The protein tyrosine phosphatase alpha modifies insulin secretion in INS-1E cells.

Medical Clinic IV, Otfried-Müller-Str. 10, 72076 Tuebingen, Germany.
Biochemical and Biophysical Research Communications (Impact Factor: 2.3). 12/2003; 311(2):361-4.
Source: PubMed


Increasing evidence indicates a role of insulin signalling for insulin secretion from the pancreatic beta-cells. Therefore, regulators of insulin signalling, like protein tyrosine phosphatases, could also have an impact on insulin secretion.
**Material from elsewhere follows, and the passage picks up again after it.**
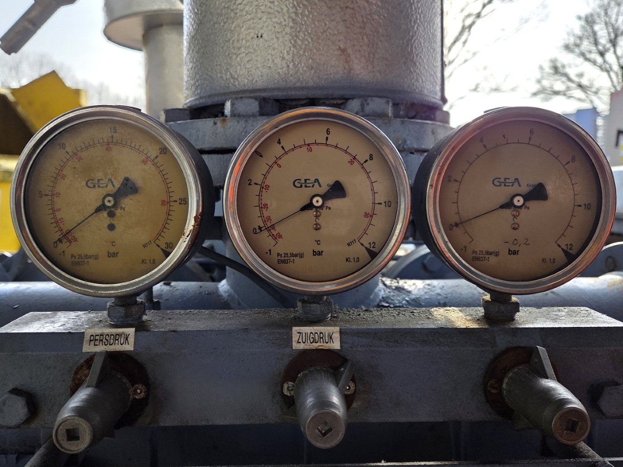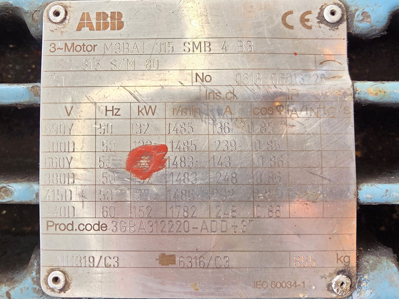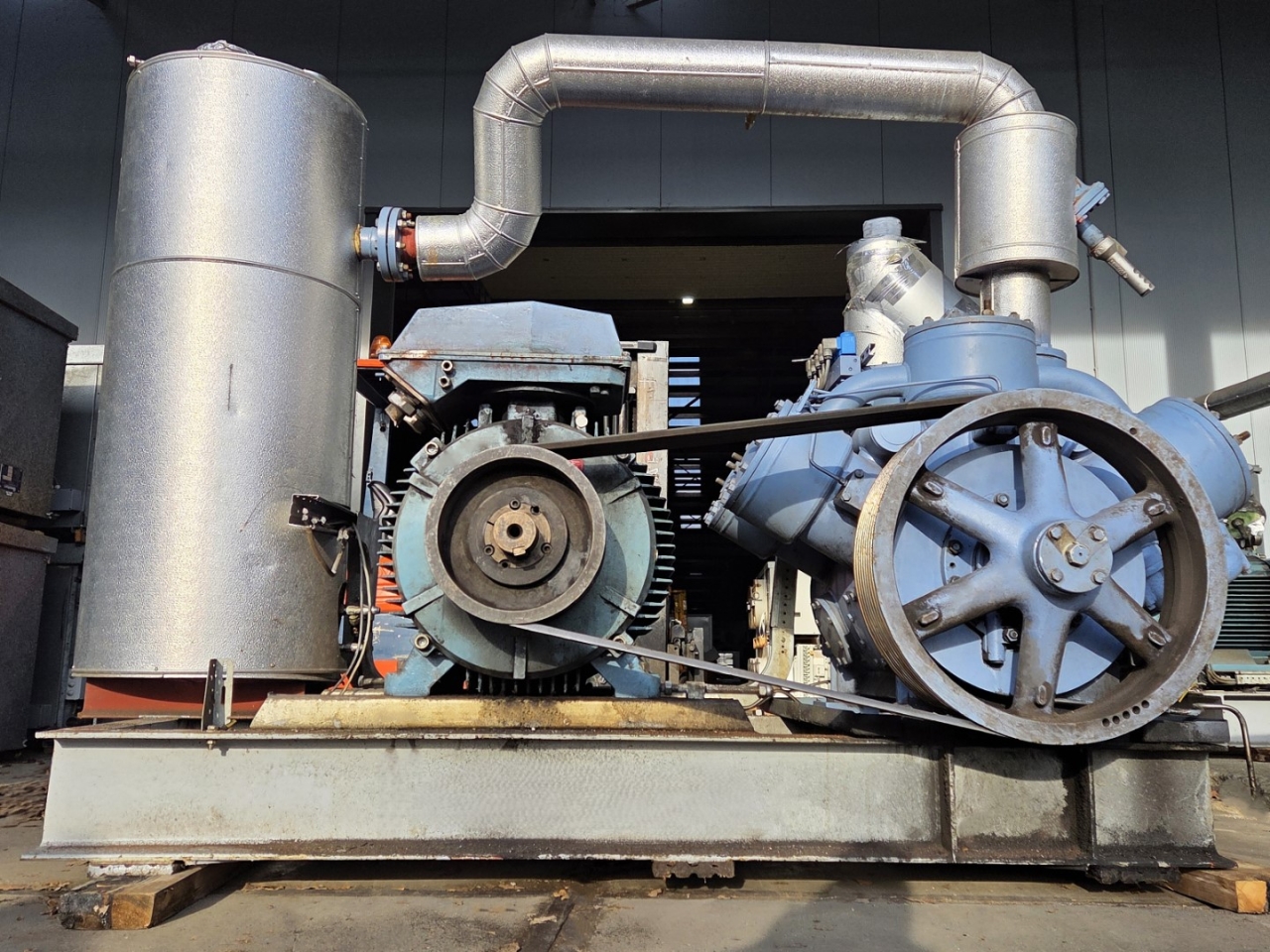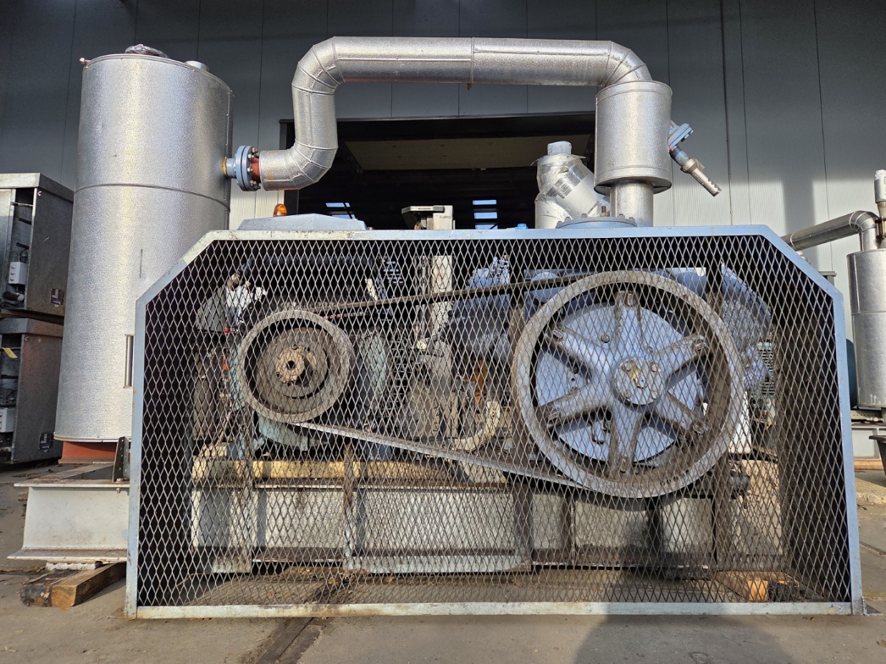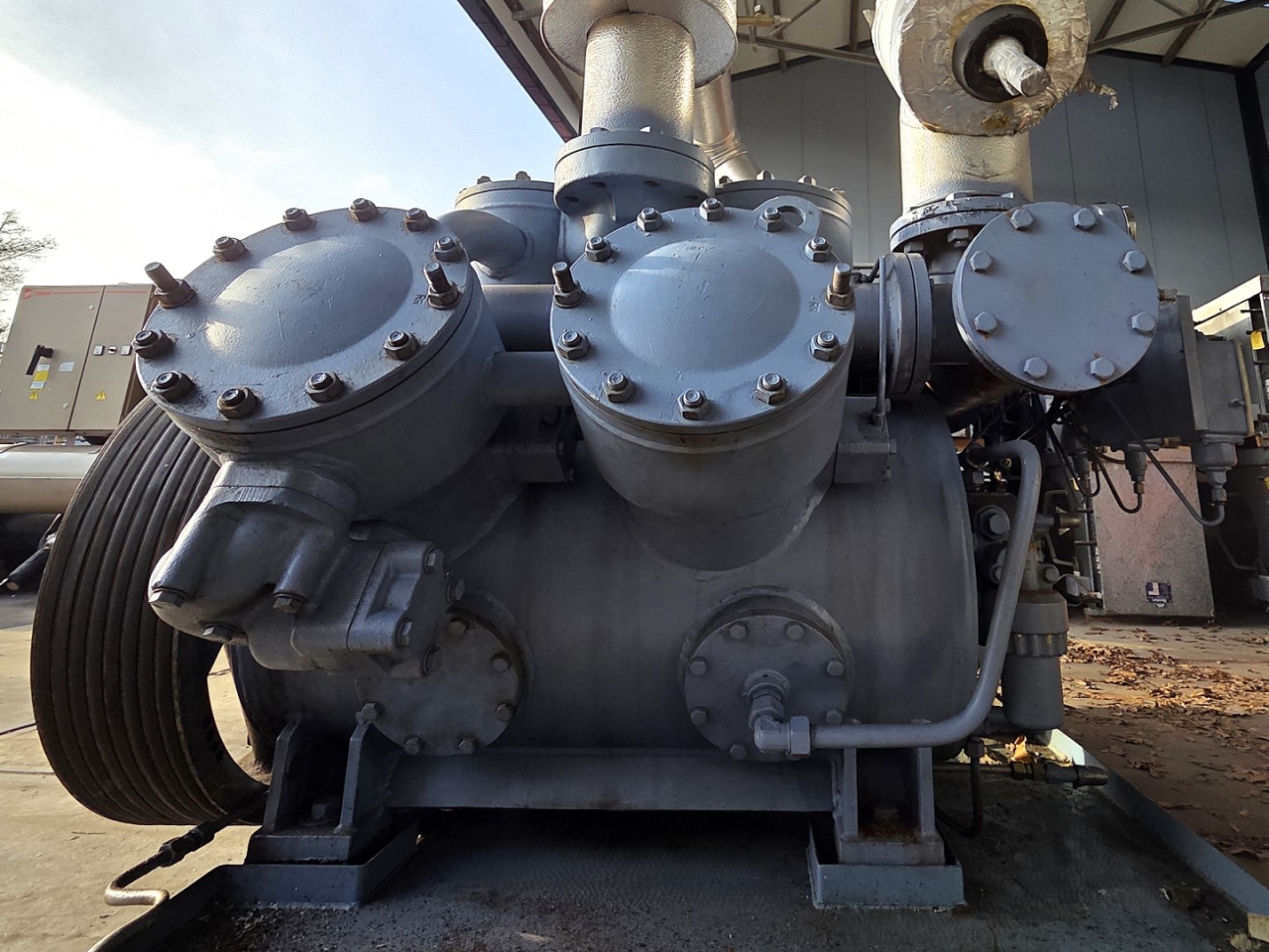 Used Grasso 612 single stage reciprocating compressor on NH3 (Ammonia). Complete with a ABB M3BAT 315 SMB 4 B3 electromotor: 50/60 Hz - 132/152 kW - 1485/1782 RPM, oil separator with a volume of 360 liters, pressure and safety switches/gauges. The compressor has a displacement of 796,0 m³/h.
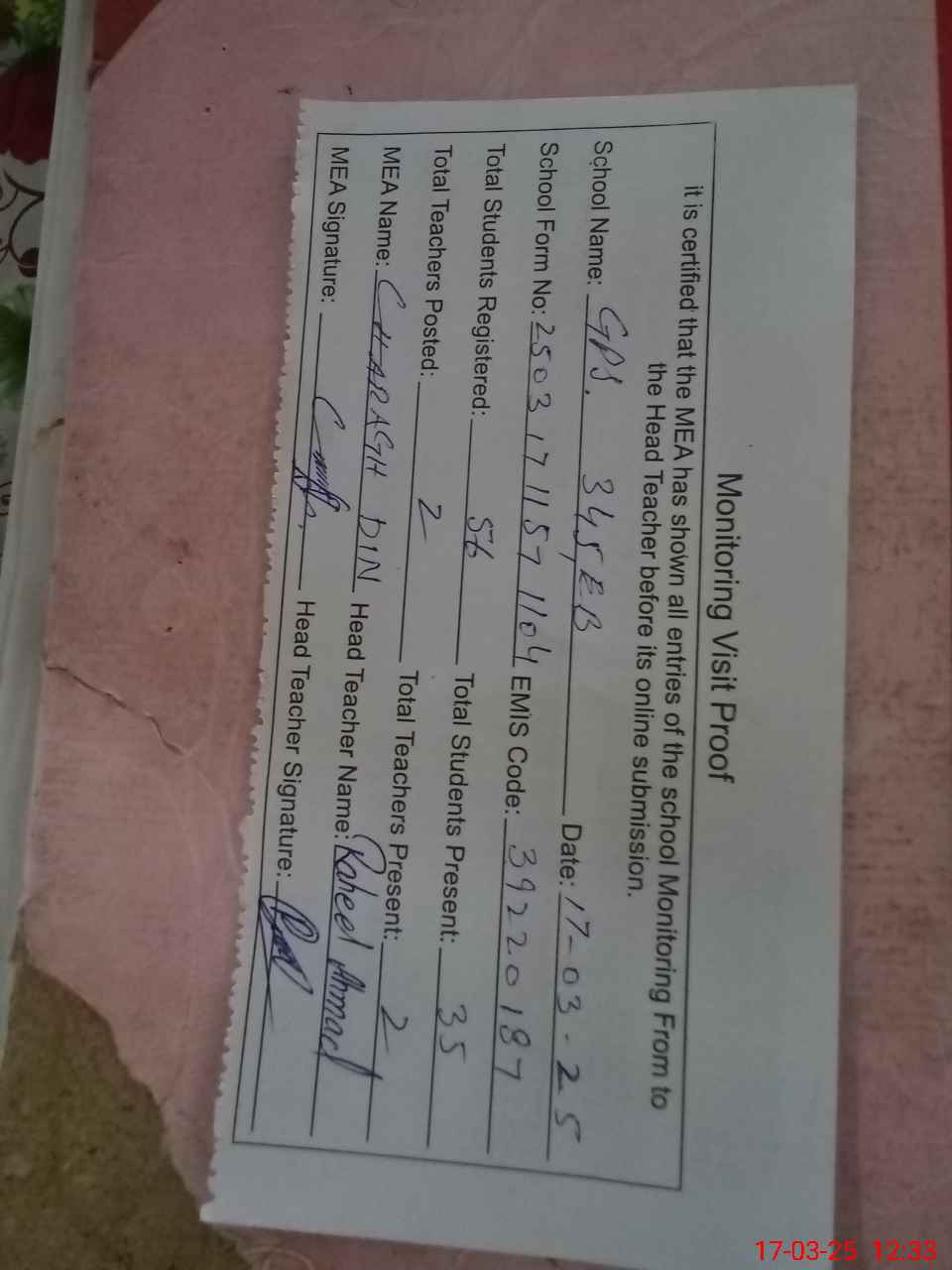 | Attendance Register | Head Teacher | MEA with School | Visit Proof |

Here, we investigated a possible role of the negative regulator protein tyrosine phosphatase alpha (PTP alpha) for insulin secretion. RT-PCR analysis confirmed that both splice variants of the extracellular domain of PTP alpha that vary by an insert of 9 amino acids are expressed in human islets and insulinoma cells (INS-1E, RIN1046-38). Overexpression of the wild type PTP alpha splice variant containing the 9 amino acids reduced insulin secretion, as did a mutant form unable to bind Grb2 (Tyr798Phe). By contrast, overexpression of a phosphatase inactive mutant improved insulin secretion. These data reveal a functional relevance of PTP alpha for insulin secretion.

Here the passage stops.